3. Falafel Grain Bowls
Layer falafel with a favorite whole grain such as brown rice or orzo. For a low-carb option, swap out whole grain rice with riced cauliflower or even spiralized zucchini.
Bulk with veggies and dress with olive oil or other sauce like this sample falafel rice bowl:
• Brown rice
• Falafel
• Green olives
• Red onions
• Olive oil
• Lemon juice
• Parsley
4. Falafel Salads
Falafel makes a great addition to a salad, offering flavor and fullness factors to a bowlful of veggies.
Lightly drizzle with olive oil or another preferred dressing or sauce. Sprinkle with salt and pepper to taste, along with fresh herbs as desired.
5. Falafel Smorgasbord
Assemble a falafel smorgasbord to serve at a party or a unique dinner!

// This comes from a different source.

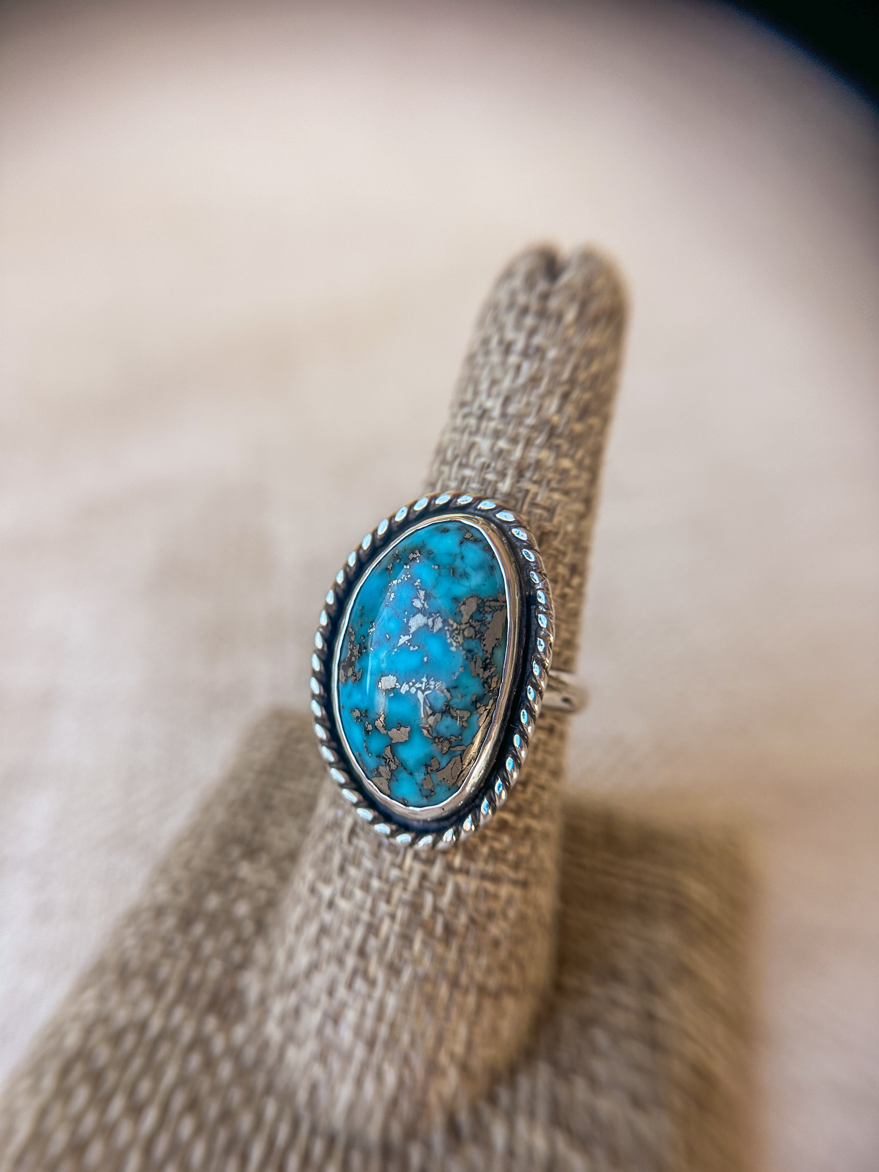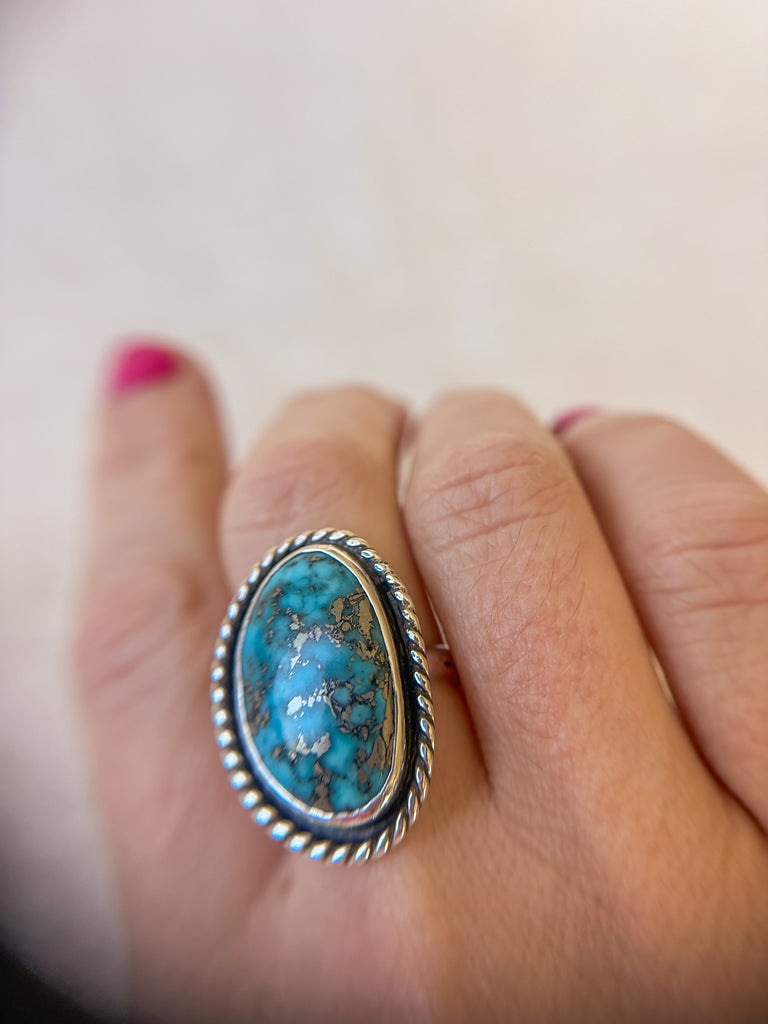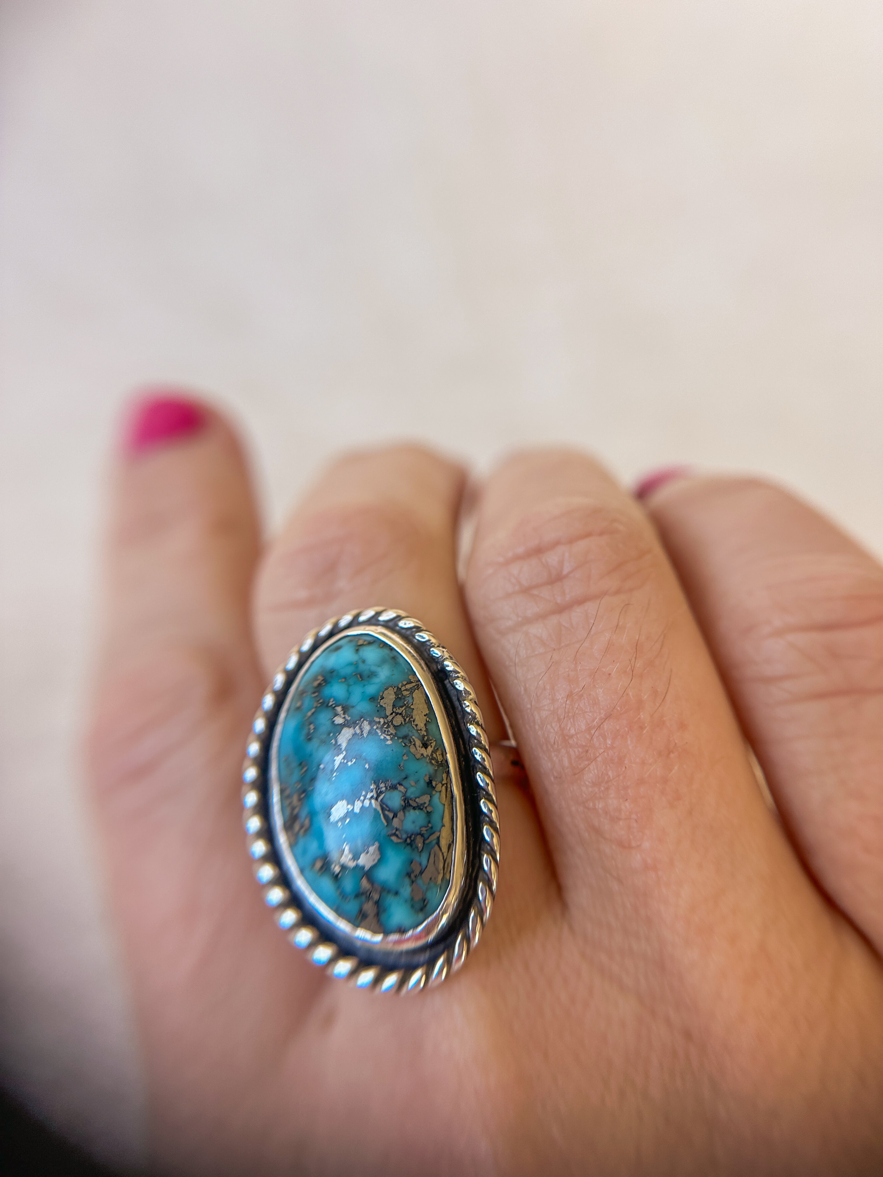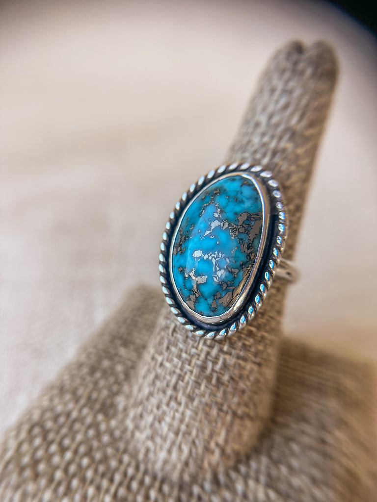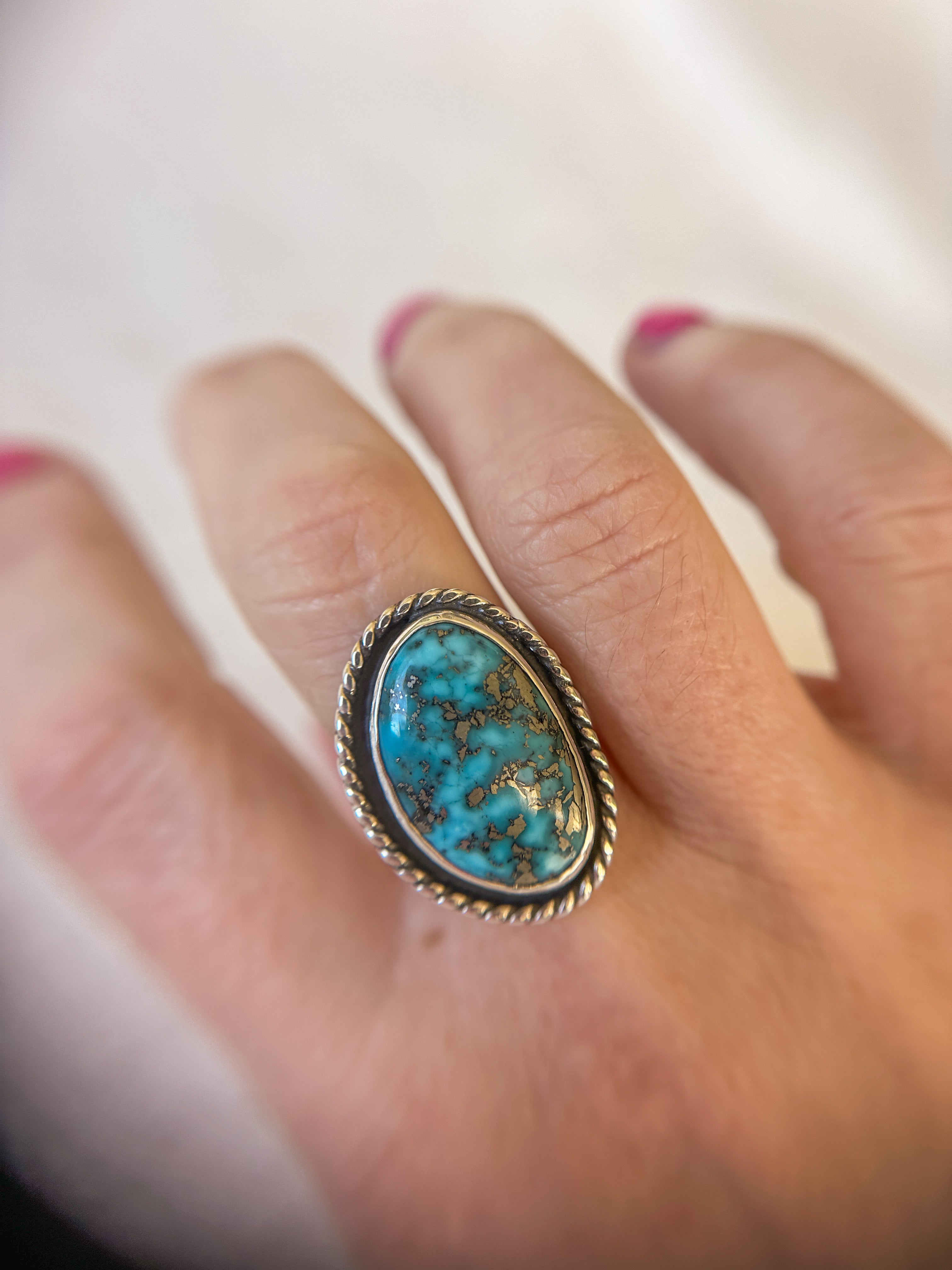 Stunning Persian Turquoise with mottled Pyrite throughout is set in a Fine Silver bezel and flanked with a Sterling Silver Rope design and patina to enhance its depth. Ring shank is half round Sterling Silver. A statement ring for sure!

The smorgasbord can be as simple or creative as desired and may include:
• Citrus marinated shish kabobs
• Falafel
• Freshly sliced veggies, including cucumber and carrot
• Hummus
• Herb beef sirloin skewers
• Pita bread
• Pickled veggies such as beets and turnips
Overall, falafel can be enjoyed in many delicious ways so have fun experimenting with flavors!